Electric Current in Conductors — Physics STD 12 Science — Question

The energy from the sun reaches just outside the earth's atmosphere at a rate of 1400W/m². The distance between the sun and the earth is 1.5 × 10¹¹m.

1. Calculate the rate at which the sun is losing its mass.
2. How long will the sun last assuming a constant decay at this rate? The present mass of the sun is 2 × 10⁸⁰kg.

A coil of number of turns N, area A is rotated at a constant angular speed ω, in a uniform magnetic field B and connected to a resistor R. Deduce expression for:

1. Maximum emf induced in the coil.
2. Power dissipation in the coil.

A particle of mass m and charge q is thrown at a speed u against a uniform electric field E. How much distance will it travel before coming to momentary rest?

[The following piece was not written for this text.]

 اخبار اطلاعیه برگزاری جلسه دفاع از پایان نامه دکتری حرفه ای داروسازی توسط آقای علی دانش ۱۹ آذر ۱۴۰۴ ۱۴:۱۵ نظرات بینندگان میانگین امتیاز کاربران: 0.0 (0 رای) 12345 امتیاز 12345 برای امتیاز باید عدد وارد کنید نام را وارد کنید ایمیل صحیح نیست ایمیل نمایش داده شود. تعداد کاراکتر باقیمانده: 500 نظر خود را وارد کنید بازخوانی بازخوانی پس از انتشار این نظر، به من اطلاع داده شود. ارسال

A normal eye has retina 2cm behind the eye-lens. What is the power of the eye-lens when the eye is

1. Fully relaxed,
2. Most strained?

A body of mass 2kg is lying on a rough inclined plane of inclination 30°. Find the magnitude of the force parallel to the incline needed to make the block move:

1. Up the incline
2. Down the incline. Coefficient of static friction = 0.2.

Two identical balls, each having a charge of 2.00 × 10^-7C and a mass of 100g, are suspended from a common point by two insulating strings each 50cm long. The balls are held at a separation 5.0cm apart and then released. Find,

1. The electric force on one of the charged balls.
2. The components of the resultant force on it along and perpendicular to the string.
3. The tension in the string.
4. The acceleration of one of the balls. Answers are to be obtained only for the instant just after the release.

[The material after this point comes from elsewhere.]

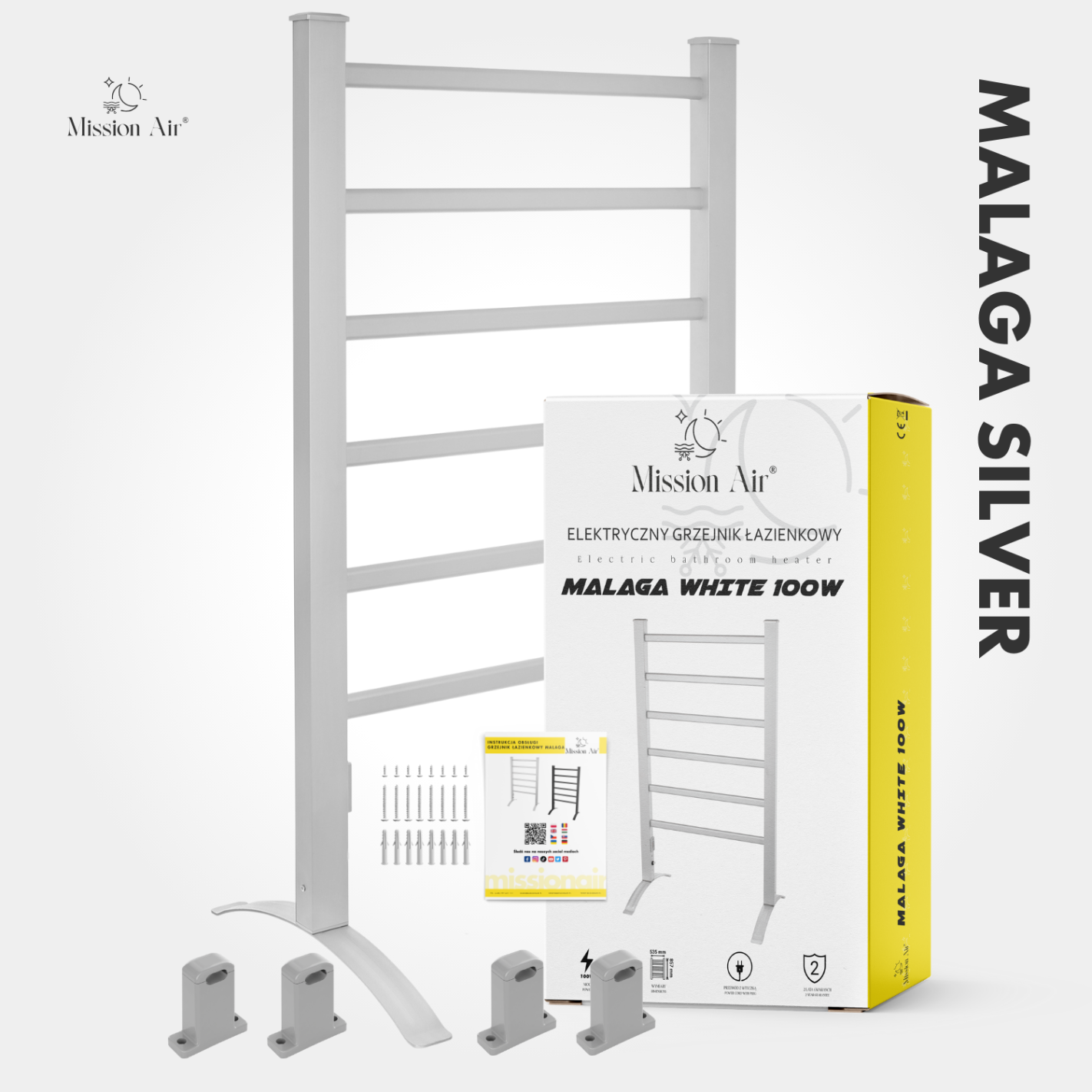 MALAGA SILVER 100 W Bathroom Ladder Heater | Electric, IP24, 2-in-1

Water leaks out from an open tank through a hole of area 2mm² in the bottom. Suppose water is filled up to a height of 80cm and the area of cross-section of the tank is 0.4m². The pressure at the open surface and at the hole are equal to the atmospheric pressure. Neglect the small velocity of the water near the open surface in the tank.

1. Find the initial speed of water coming out of the hole.
2. Find the speed of water coming out when half of water has leaked out.
3. Find the volume of water leaked out during a time interval dt after the height remained is h. Thus find the decrease in height dh in terms of h and dt.
4. From the result of part c find the time required for half of the water to leak out.

Derive an expression for equivalent capacitance of three capacitors when connected
i. in series and
ii. in parallel.

A small source of sound oscillates in simple harmonic motion with an amplitude of 1.7cm. A detector is placed along the line of motion of the source. The source emits a sound of frequency 800Hz which travels at a speed of 340m/s. If the width of the frequency band detected by the detector is 8Hz, find the time period of the source.